INFORMATION SUPPLIED
◆ ◆ ◆ ◆

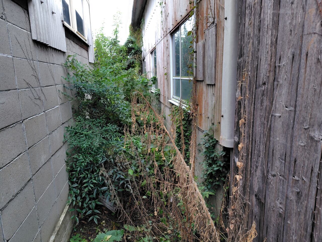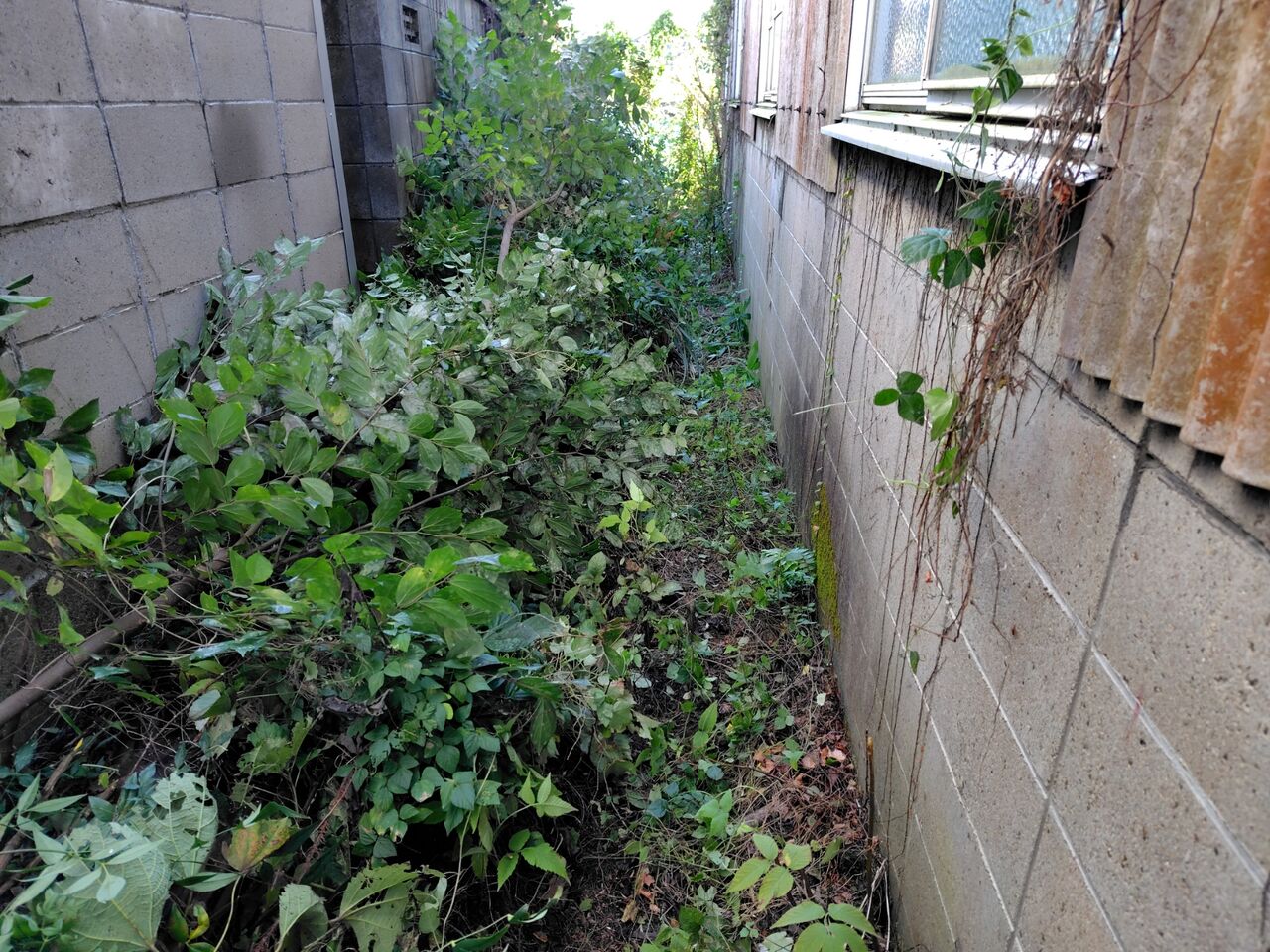 一昨日に雨で延期したわが家の倉庫と隣家のブロック塀の隙間の手入れをしました。
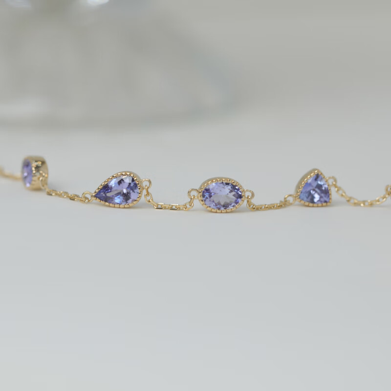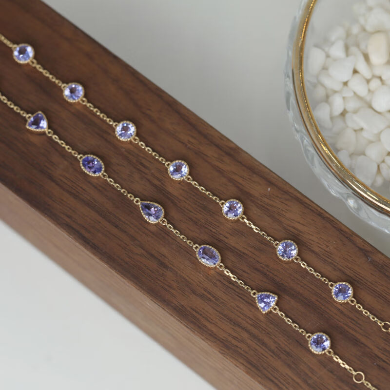Shaoyu Natural Tanzanite 18k Gold Bracelet Duobao Water Drop Oval Round Blue Purple Tanzanite Bezel Inlaid Retro Bracelet Round Bracelet
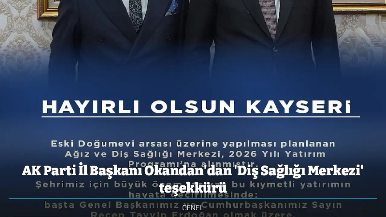 AK Parti Kayseri İl Başkanı Hüseyin Okandan, 2026 Yılı Yatırım Programına alınan Ağız ve Diş Sağlığı Merkezi için emeği geçenlere teşekkür etti.
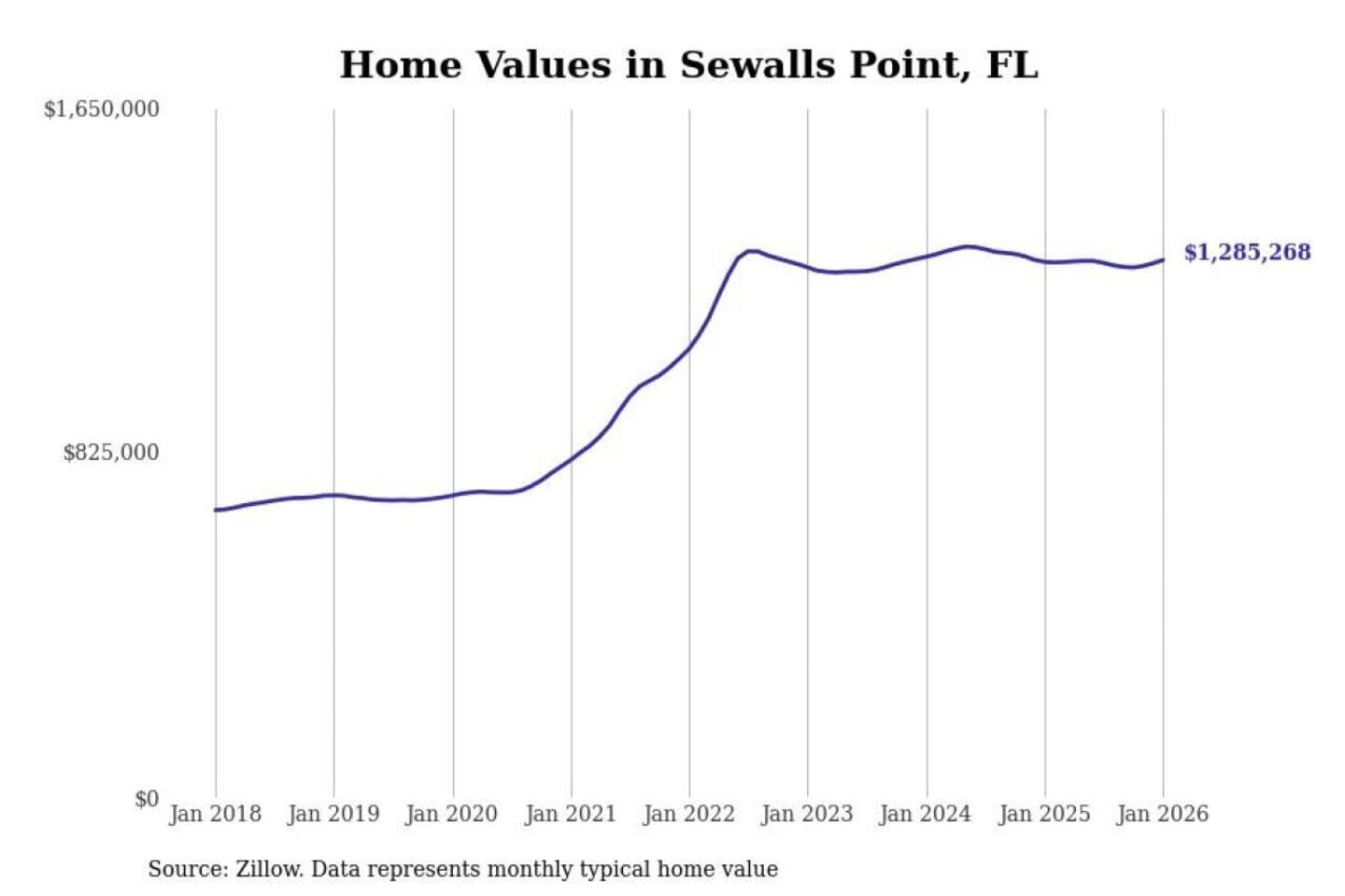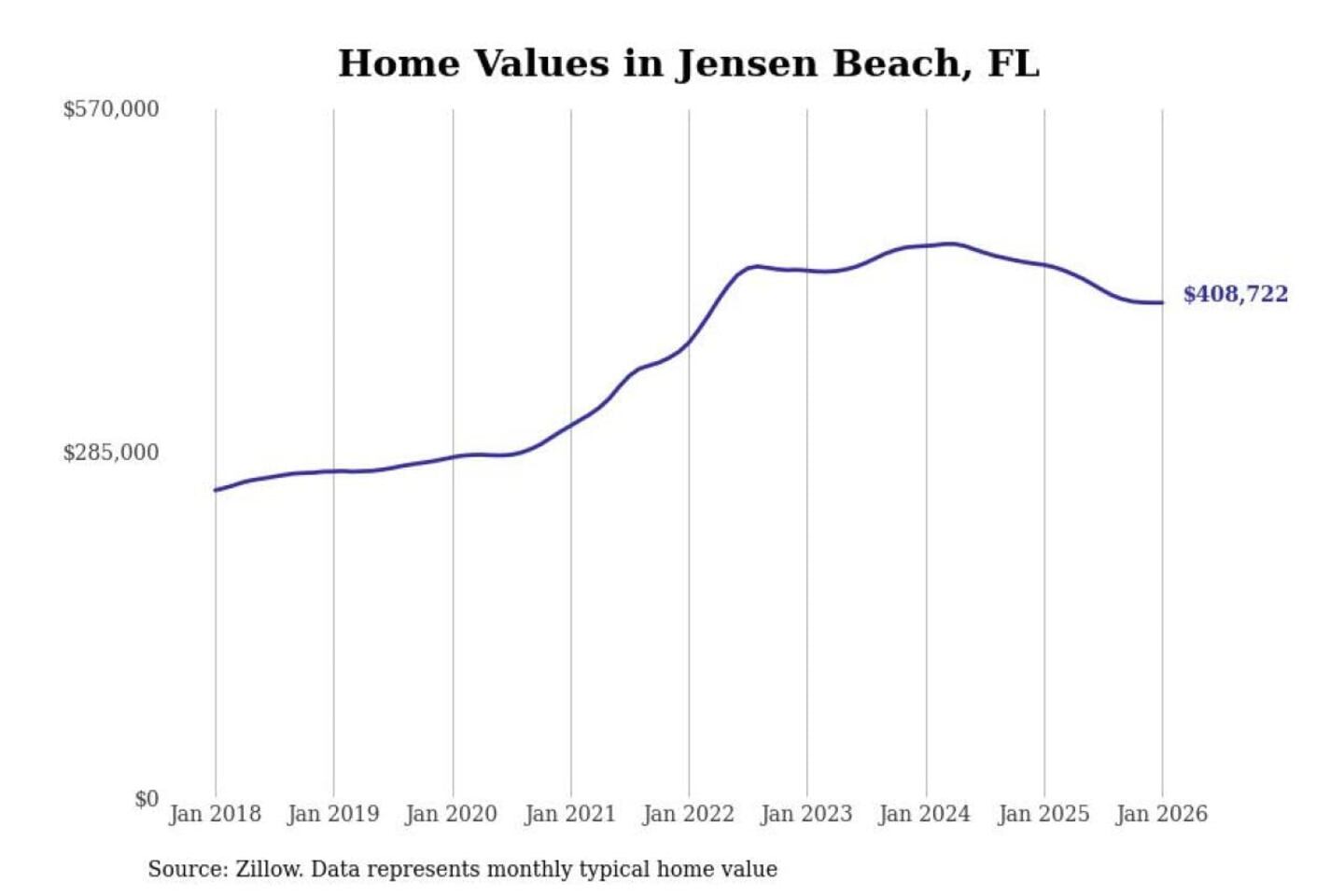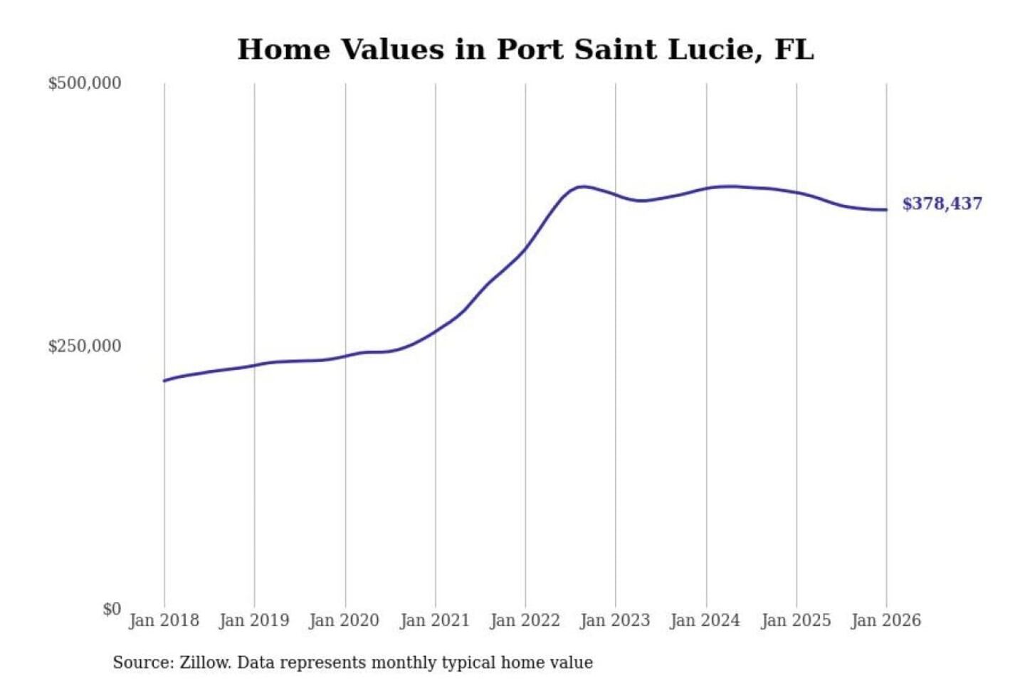 Stacker compiled a list of cities with the most expensive homes in the Port St. Lucie, FL metro area using data from Zillow. Charts show the monthly typical home value since January 2018.

◆ ◆ ◆ ◆

PROBLEM DETAILS
Print the preceding material over again exactly. Please leave the pictures out.

FINISHED TASK
 一昨日に雨で延期したわが家の倉庫と隣家のブロック塀の隙間の手入れをしました。
Shaoyu Natural Tanzanite 18k Gold Bracelet Duobao Water Drop Oval Round Blue Purple Tanzanite Bezel Inlaid Retro Bracelet Round Bracelet
 AK Parti Kayseri İl Başkanı Hüseyin Okandan, 2026 Yılı Yatırım Programına alınan Ağız ve Diş Sağlığı Merkezi için emeği geçenlere teşekkür etti.
 Stacker compiled a list of cities with the most expensive homes in the Port St. Lucie, FL metro area using data from Zillow. Charts show the monthly typical home value since January 2018.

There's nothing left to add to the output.